We propose a novel data-driven matching cost for dense correspondence based on sparse theory. The ability of sparse coding to selectively express the sources of influence on stereo images allows us to learn a discriminative dictionary. The dictionary learning process is incorporated with discriminative learning and weighted sparse coding to enhance the discrimination of sparse coefficients and weaken the influence of radiometric changes. Then, the sparse representations over the learned discriminative dictionary are utilized to measure the dissimilarity between image patches. Semi-global cost aggregation and postprocessings are finally enforced to further improve the matching accuracy. Extensive experimental comparisons demonstrate that: the proposed matching cost outperforms traditional matching costs, the discriminative dictionary learning model is more suitable than previous dictionary learning models for stereo matching, and the proposed stereo method ranks the third place on the Middlebury benchmark v3 in quarter resolution up to the submitting, and achieves the best accuracy on 30 classic stereo images. (C) 2017 Elsevier Ltd. All rights reserved.

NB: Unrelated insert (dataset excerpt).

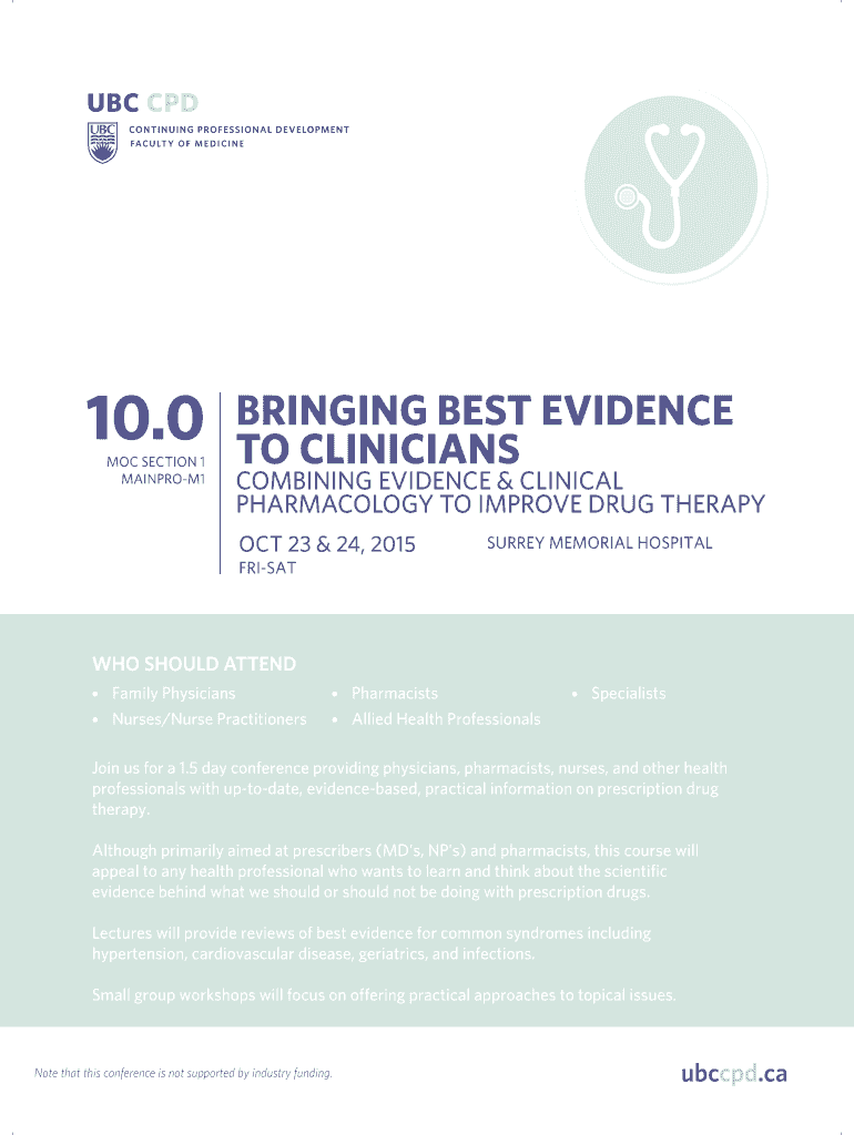 10.0 MOC SECTION 1 MAINPRO-M1 BRINGING BEST EVIDENCE TO CLINICIANS COMBINING EVIDENCE & CLINICAL PHARMACOLOGY TO IMPROVE DRUG THERAPY OCT 23 & 24, 2015 SURREY MEMORIAL HOSPITAL FRI-SAT WHO SHOULD

机译:我们提出了一种基于稀疏理论的密集对应的新型数据驱动匹配成本。稀疏编码选择性地表达对立体图像的影响源的能力允许我们学习判别词典。字典学习过程与鉴别的学习和加权稀疏编码结合在一起,以增强稀疏系数的辨别,并削弱辐射变化的影响。然后,利用来自学习鉴别性词典的稀疏表示来测量图像斑块之间的不相似性。最终强制执行半全局成本聚集和后处理,以进一步提高匹配的准确性。广泛的实验比较表明:提出的匹配成本优于传统的匹配成本,鉴别性词典学习模型比先前的立体声匹配更适合于先前的字典学习模型,并且所提出的立体声方法在四分之一分辨率中排名第三位。四分之一分辨率提交,并在30个经典立体图像上实现最佳准确性。 (c)2017 Elsevier Ltd.保留所有权利。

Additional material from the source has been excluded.